- **Your instructions**
Write out exactly, excluding pictures, the lines from the one containing "Суслов В.В. Очерки" through the end of the data, both included.
═════ Extracted data ═════
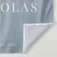 Modern, elegant wedding tapestry for a welcome sign features a minimalist dusty blue and white design with modern lines. Personalize this fabric sign with your wedding details with the easy to edit template featuring an elegant script font and classy serif font.
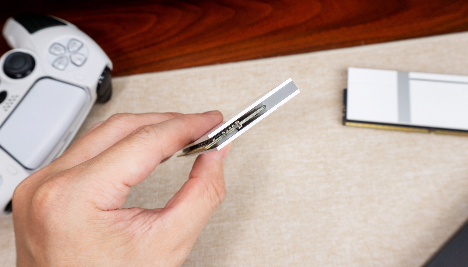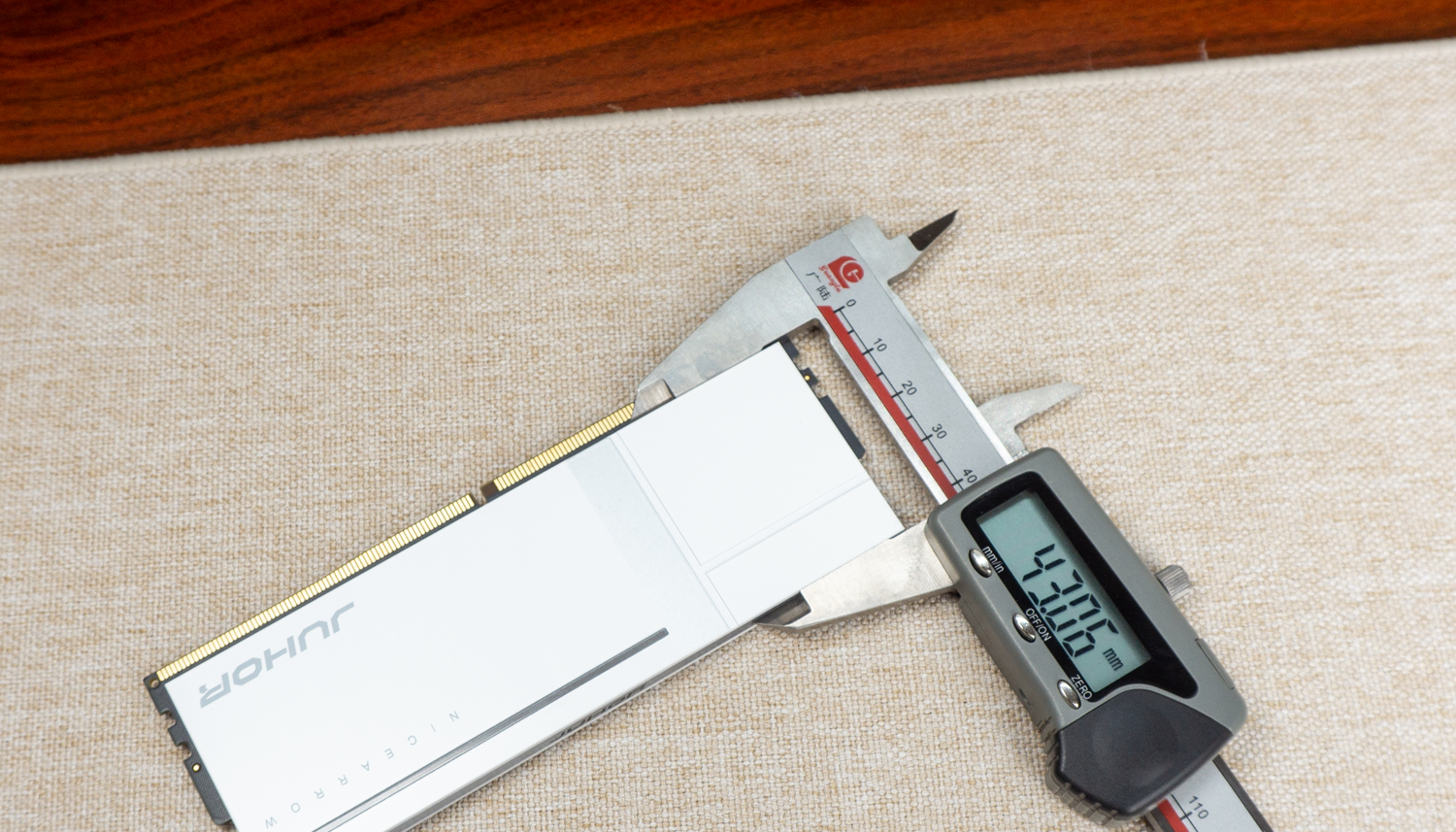 从侧面可以看到,马甲+导热贴+内存颗粒这三者间的贴合十分紧密,可以说已经是逼近高端内存的做工。实际上内部的PMIC芯片也有专属散热覆盖,配合ON-Die ECC纠错,为高频超频提供了可靠的稳定性保障。
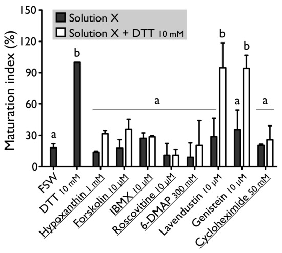 33]. In asteroids, DTT has been suggested to mimic 1 MeAd (i.e., the natural asteroid MIS) whose action increases the sulfhydryl concentration (i.e., R-SH) at the surface of oocyte before maturation [
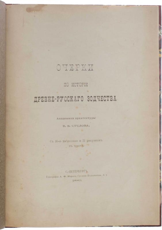 Суслов В.В. Очерки по истории древне-русского зодчества (Антикварная книга 1889г.)
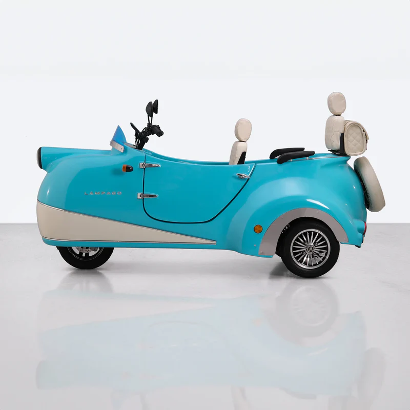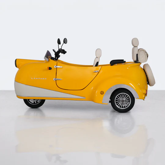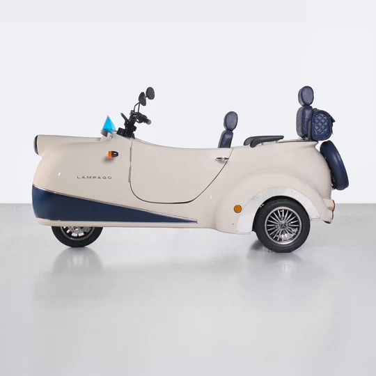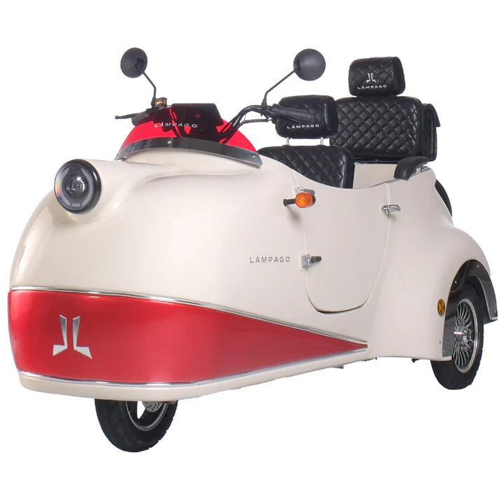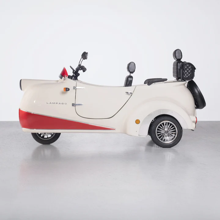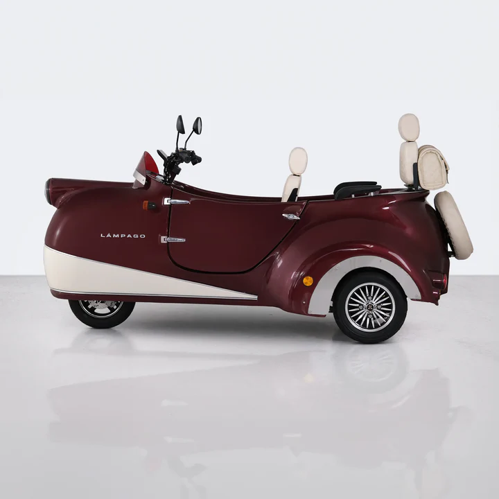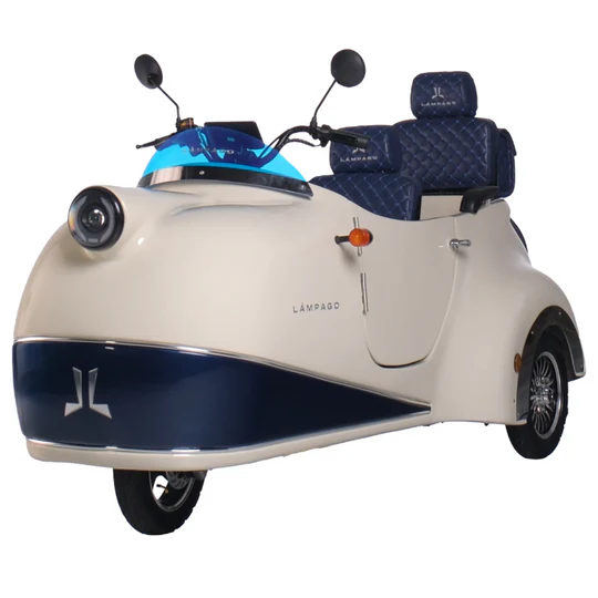 Meet Lámpago, an eco-friendly electric vehicle designed for urban use that offers a comfortable driving experience, transforming every journey into unforgettable memories. This modern trike with a vintage design touch uses environmentally friendly energy sources to minimize pollution while you travel.
═════
- **Your solution**
 Суслов В.В. Очерки по истории древне-русского зодчества (Антикварная книга 1889г.)
 Meet Lámpago, an eco-friendly electric vehicle designed for urban use that offers a comfortable driving experience, transforming every journey into unforgettable memories. This modern trike with a vintage design touch uses environmentally friendly energy sources to minimize pollution while you travel.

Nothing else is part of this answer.